Third, making this a matter of algorithm rather than eyeballing removes the subjectivity from the analysis. I can choose my parameters, but once I.ve done that, that.s it. The number that pops out for one text being considered as the source of another is fixed given that choice of parameters. This is a Good Thing.
Fourth, when a percentage is reported, it depends critically upon which way that the analysis was run. The number one obtains to answer the question, .How much of reference text A was copied from subject text B?. is by no means the same number as one gets by asking, .How much of reference text B was copied from subject text A?. At the extreme end, consider a chapter from Moby Dick and the whole book as texts. The chapter is 100% copied from the book, but the book is only, say, 4% copied from the chapter.

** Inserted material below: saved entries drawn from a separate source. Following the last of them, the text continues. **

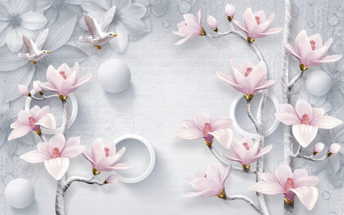 Фотообои Магнолии и голуби 3Д ( 25111 )Стоимость зависит от размеров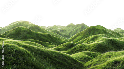 Realistic Green Hills Landscape Isolated on Transparent Background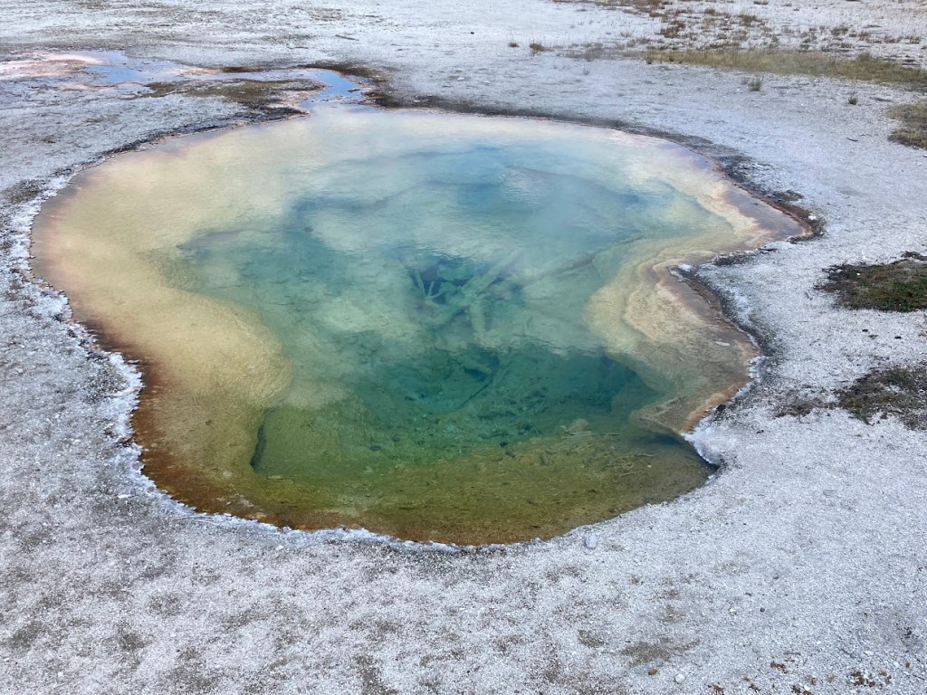Once you reach the Madison Junction you can turn north toward Mammoth Hot Springs or south toward Old Faithful. The area between Madison Junction and Old Faithful will take most of a day to explore. This is probably the most crowded area of the park, so an early start is best for this section. If seeing the Grand Prismatic Spring and the midway geyser basin is on your list, you need to get there very early in the morning. By 8:00 there is not a parking place within a mile’s walk. In the past two visits to Yellowstone, we still have not been able to get close enough to view this site. It’s OK though as there are plenty of other beautiful springs and geysers to see on this drive. The lower geyser basin has a .5-mile boardwalk that will take you past the fountain paint pots and some smaller geysers. After finishing that walk you can drive to the Biscuit Basin. The pools here are smaller but incredibly beautiful. Another .5-mile boardwalk will take you past several pools and small springs and geysers.

Fifth, I like seeing a side-by-side comparison of texts as well as getting the numbers. That is why I have always provided such views as supplements to the summary numbers when I.ve done this sort of text comparison. The present instance is no exception, notwithstanding the apparent inability of some naysayers to notice and follow the provided links.
OK, so here is a list of numbers and what they mean for stuff being discussed here.
90.9% . This is the number the Discovery Institute has settled on as representing how much of the KvD decision.s section on whether ID is science (let.s call it .KvD-IDsci. for short) was copied from the plaintiffs.s proposed findings of fact section dealing with the same topic (ppfof-IDsci). How did they get that? Somebody at the DI eyeballed it and said that.s close enough. If they tasked someone else to do it again, there is no guarantee that the number would remain the same.
70% . the proportion of copied text to uncopied text *100 in KvD-IDsci taken from ppfof-IDsci when using parameters of a minimum of 5 words in a run and up to 2 words being changed, skipped, or deleted. This is a liberal matching criterion.
66% . the proportion of copied text to uncopied text *100 in KvD-IDsci taken from ppfof-IDsci when using parameters of a minimum of 10 words in a run and up to 4 words being changed, skipped, or deleted. This is a conservative matching criterion, and the standard one I use for text matching.
48% . the proportion of text copied by KvD-IDsci to text not copied there *100 in ppfof-IDsci, using parameters of a minimum of 10 words in a run and up to 4 words being changed, skipped, or deleted. This one has confused at least one person, who seems to have thought that this was another number applied to the analysis of KvD-IDsci. Instead, this number indicates how much of ppfof-IDsci was used by Judge Jones, not how much of KvD-IDsci came from there.
38% . the proportion of copied text to uncopied text *100 in the KvD decision taken from the plaintiffs.s proposed findings of fact when using parameters of a minimum of 10 words in a run and up to 4 words being changed, skipped, or deleted. The whole ruling has quite a bit of text that did not come from the PPFOF.
35% . the proportion of text copied from the complete KvD decision to text not copied there *100 in the full ppfof, using parameters of a minimum of 10 words in a run and up to 4 words being changed, skipped, or deleted. This number indicates how much of the full ppfof was used by Judge Jones in his complete decision, not how much of the decision came from the ppfof.